As seen above citations, observability focus on when they encounter problems, difficult to locate the problem solving system problems in operation, especially in large-scale distributed systems, business processes rely on a large number of downstream systems, and more It is to improve the positioning of the complexity of the problem. And have a good system can be observed in nature, can effectively locate the key to the problem with a very low cost. Observability shown below has three major support:

  • Log: Event program runs produced, can explain in detail its operation status
  • Indicators: a set of aggregate values, mainly used for monitoring infrastructure (machines, containers, network, etc.), but also has applications will be used to monitor the operational level, such as open source search system Elasticsearch have a query or write about the amount, time-consuming, refused rate application level indicators;
  • Application Performance Monitoring (Application Performance Monitor): Note that here the M stands for Monitor , refer to dive into the code-level track (or monitor), including the execution of internal procedures, the situation is the link between service calls, etc., can easily find the cause of the program "slow". APM is most commonly used to track a request to the web server process, including the implementation of internal logic, call external services and their corresponding time-consuming.

You can observe the three elements of

It says so much, popular thing about an example, when you are responsible for the business logic of complex systems, third-party services depend on the premise middleware or more. One day, you receive a series of police performance, ask your boss why you ** This interface is so slow? ** If the observability do relatively poor system, you crazy play log log, statistical time-consuming among the various lines of code, and then on the line, which line analysis in the end more slowly in the vast ocean of the log, if found Congratulations to you, you are lucky, you only need to remove the logs or change the log level, and then the last line on it!

However, it is likely to be not found, then it will not happen GC? At that time more bandwidth? Will server load was high? And so the possibility you because there is no complete record, is once not now, you will be difficult to ensure that the interface is not responsible for the outbreak performance will alarm problem, your boss will doubt your abilities! Well terrible about?

If then, heaven-sent you a fully functional APM system, you stated by the police in traceid , APM platform in the search for the corresponding call chain, we found the interface very time-consuming your dependent, or through your Metrics found During that time GC is very frequent, and through the log to get specific implementation information, Bingo! I believe the problem has been pretty close, less than 10 minutes the boss replies: "I found the problem, because balabala", yes, asked me why I have APM, because everything under control .

APM Brief

By analyzing the previous section, we know what is observability . APM that a good product is to improve the observability of the application. Most products currently on the market APM Application Performance Monitoring (the Application Performance Monitoring) , but the definition of Wikipedia is the application performance management (the Application Performance Management) .

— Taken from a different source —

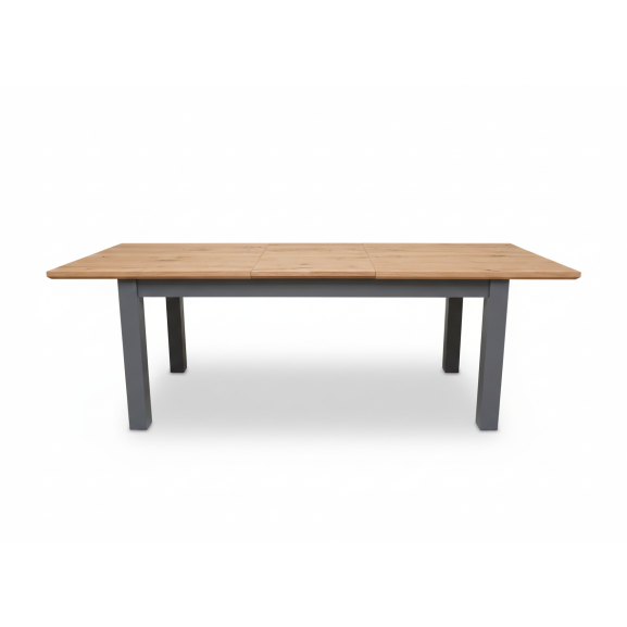 Contrastul elegant dintre picioarele solide, vopsite în gri mat, și blatul generos din furnir natural de stejar aduce un echilibru perfect între stilul rustic și cel modern. Funcționalitatea este cheia: în forma standard de 180 cm, masa găzduiește confortabil 6-8 persoane. Când ai oaspeți, mecanismul de extensie îți permite să o alungești până la 235 cm, oferind loc suficient pentru 8-10 persoane, fără a sacrifica stabilitatea sau estetica.

APM is defined in Wikipedia is the application performance management (the Application Performance Management) , while the market most of the APM product definition is application performance monitoring (Application Performance Monitoring). "What Is Application Performance Monitoring and Why It Is Not Application Performance Management" This text is considered to application performance monitoring application performance management part of the former can help you find the problem, which can help you analyze and solve problems. But in fact most of the APM products include some analysis of the problem, and the industry did not make a clear distinction between the two definitions, so basically we can both be considered to be identical.

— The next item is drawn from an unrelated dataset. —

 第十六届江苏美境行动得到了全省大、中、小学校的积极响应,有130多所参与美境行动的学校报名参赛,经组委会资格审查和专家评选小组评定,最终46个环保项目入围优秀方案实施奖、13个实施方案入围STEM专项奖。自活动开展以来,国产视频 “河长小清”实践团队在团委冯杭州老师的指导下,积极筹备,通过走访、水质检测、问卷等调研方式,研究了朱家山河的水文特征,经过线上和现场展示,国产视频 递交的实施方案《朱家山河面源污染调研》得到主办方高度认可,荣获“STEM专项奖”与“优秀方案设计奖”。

Dimensions of APM functionality

  • End-user experience monitoring (End user experience monitoring). By monitoring the user's behavior in order to optimize the user experience. For example: monitoring user interface and web / client interaction, and record the time interaction events.

  • Runtime application architecture (Runtime application architecture). Understanding the dependencies between services, network topology architecture applications that interact.

  • Business Services (Business transaction). Generate meaningful SLA reports, and provides trend information about application performance from a business perspective.

  • Depth Component Monitoring (Deep dive component monitoring). It is always needed for the main agent and the intermediate layer, including web servers, application servers, and the message. Robust monitoring should be able to show a clear path code execution, because this dimension and the second dimension is closely related, APM product will usually merge these two dimensions as a function.

  • Analysis or reporting (Analytics / reporting). A series of indicators from the application data collected, universal view into application performance standard way to represent data.

Elastic APM Profile

Specifically refer to the official documentation , summed up, is ElasticAPM is based on the ELK, made application performance monitoring components, the Logging, Metrics, and the introduction of APM Tracing data already exist, integrate, into a one station type application platform can be observed .

Performance Monitoring assembly schematic ElasticAPM

Package

Elastic APM consists of four components:

  • APM agents: provided in the form of application libraries, performance monitoring data collection program and reported to APM server.
  • APM Server: After receiving the data from the APM agents, checksum process of writing Elasticsearch APM particular index. Although the agent may also be implemented as: reporting after the data collection process directly to the ES, the official reason given not to do: to keep the agent lightweight, prevent certain security risks and enhance compatibility Elastic components.
  • Elasticsearch: for storing performance data and providing aggregate functionality.
  • Kibana: visualize performance data and help locate performance bottlenecks.

ElasticAPM components

Data Model

Elastic APM agent from detection ( Instrument collection application) in different types of data, these are called event types include span, transaction, error and indicators of four.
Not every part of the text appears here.